I had read something recently about people who lead meaningful lives and how they move in circles, how as they circle back to relationships, places, or important work they add layers of emotional depth to their existence. Returning again and again to those touchstones, everything becomes more relevant and worthwhile as all those interactions add up over days, months and years.

Bill has been going to Leon at the same time each year for more than 20 years, back to the same rundown hospital on a back street in Nicaragua’s third-largest city.
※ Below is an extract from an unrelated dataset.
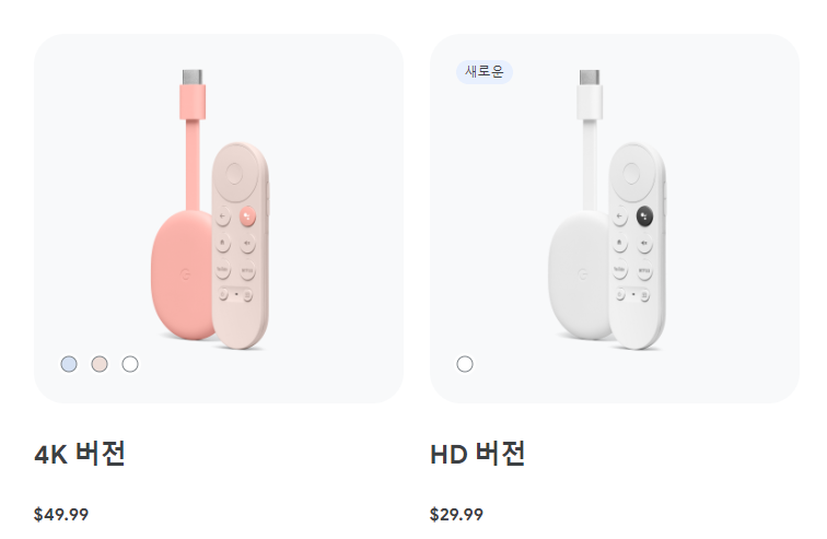 4세대 크롬캐스트는 2020년 9월에 나온 동글 형 안드로이드(Android) TV제품입니다. 예전 구세대와 비교해 봤을 때 크게 업그레이드되어 편리성을 높였습니다. 4세대 이전 크롬캐스트는 외부에서 콘텐츠를 전송해 주는 다른 기기가 있어야만 기능을 했다면  4세대는 크롬캐스트만으로도 콘텐츠를 보여줄 수 있게 되었습니다.

He works up to 10 hours a day doing surgeries with equipment that would likely be thrown away if found in any U.S. hospital. 

He and the other American doctors and nurses who come with him and those who come at other times of the year with other teams are all part of the nonprofit Project Health for Leon. The nonprofit was started by Raleigh cardiologist Dr. John Paar in 1985 and has been associated with Wake Medical Center in Raleigh and the Brody School of Medicine at East Carolina University in Greenville. In addition to performing surgeries, the participants also lug supplies and equipment that they begged from places in the U.S. The nonprofit has no salaried employees and is run by medical professionals who volunteer their time.

I don’t pretend to know much about the nonprofit, but I have been privy to my father-in-law’s work because of my wife’s involvement. She’s been accompanying him on the trips for about 14 years.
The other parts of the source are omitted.